We have been raising chickens this year and love it.  I did string up a mister in the run for when it got really hot.  (The chickens were afraid of it, but they frolic in the rain -- go figure!)  Maybe I could do that for the rabbits?  It was not that expensive, I think about $30.  I'll try to do some research and see if they can stand the moisture.  Or maybe someone here knows???


----------



## Stauffer (Dec 4, 2009)

if you find the frozen 2 liter pop bottles are thawing out too quickly....get some solid colored juice jugs--we always used the Minute Maid Orange Juice and Fruit Punch ones...they didn't seem to thaw out as quickly. Being in OH, we didn't have to deal with extreme heat like you might be...but the humidity is always horrible here in the summer. 

Cals are my favorite breed of meat rabbit...never ate any myself as I don't care for the taste of rabbit..but sold a lot and they were my breed of choice for my 4H market rabbit projects  (most 4Hers used NZW).


----------



## kelsystar (Dec 28, 2009)

Here in NW Oregon, we usually get two or three non-consecutive weeks of 100+ temps and it is terrible! Keeping them cool is a stressful full time job, as we don't have any permanent heat-mitigating strategies. Our buns live in our carport, which is shaded most of the day by large maple trees. In the afternoon, though, when the sun is low in the sky, things really get cooking in there.
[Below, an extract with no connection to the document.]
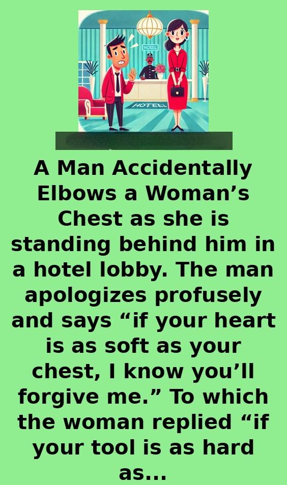 He was standing near the reception desk, maybe waiting for an elevator or just people-watching, when he casually stepped backward. Unfortunately, he didn’t notice the woman directly behind him—and his elbow landed squarely on her chest.

We learned lots of lessons last summer. Don't breed in the heat! Not only do bucks become sterile at 85 degrees, mamas have more complications. One doe that was pregnant during the heat spell birthed 8 kits, 3 of them stillborn. Her previous pregnancy went super easy and she raised 9 kits, so it had to be the heat. She was super stressed the whole time, ended up with mastitis, and we had to cull her. It was awful.

This year, we're going to get our big breeding push done in the late winter and early spring so our does are done nursing before it gets hot. Then do another big breeding push in the fall after the heat has passed.

We also made the mistake of buying a new buck and moving him in the heat. He was a Champagne d'Argent, which I was told doesn't do as well in the heat as other breeds. Stupid me, I moved him anyway and he died.

We didn't give them frozen pop bottles because they kept trying to eat them. Luckily I had plenty of Ball freezer jars. No chewing possible! I froze half full water bottles and then filled them the rest of the way with water. We also wet their ears down with tepid (not cold!) water periodically. I've heard of people dipping their buns in tepid water as well, but we didn't try that. I'd be too afraid of fly strike. As a last resort, though, it might be worth it.

The biggest thing that helped, I think, was placing damp towels over their cages and running an oscillating fan over them.

Oh gosh, just thinking of those horrible weeks has me all stressed again!


----------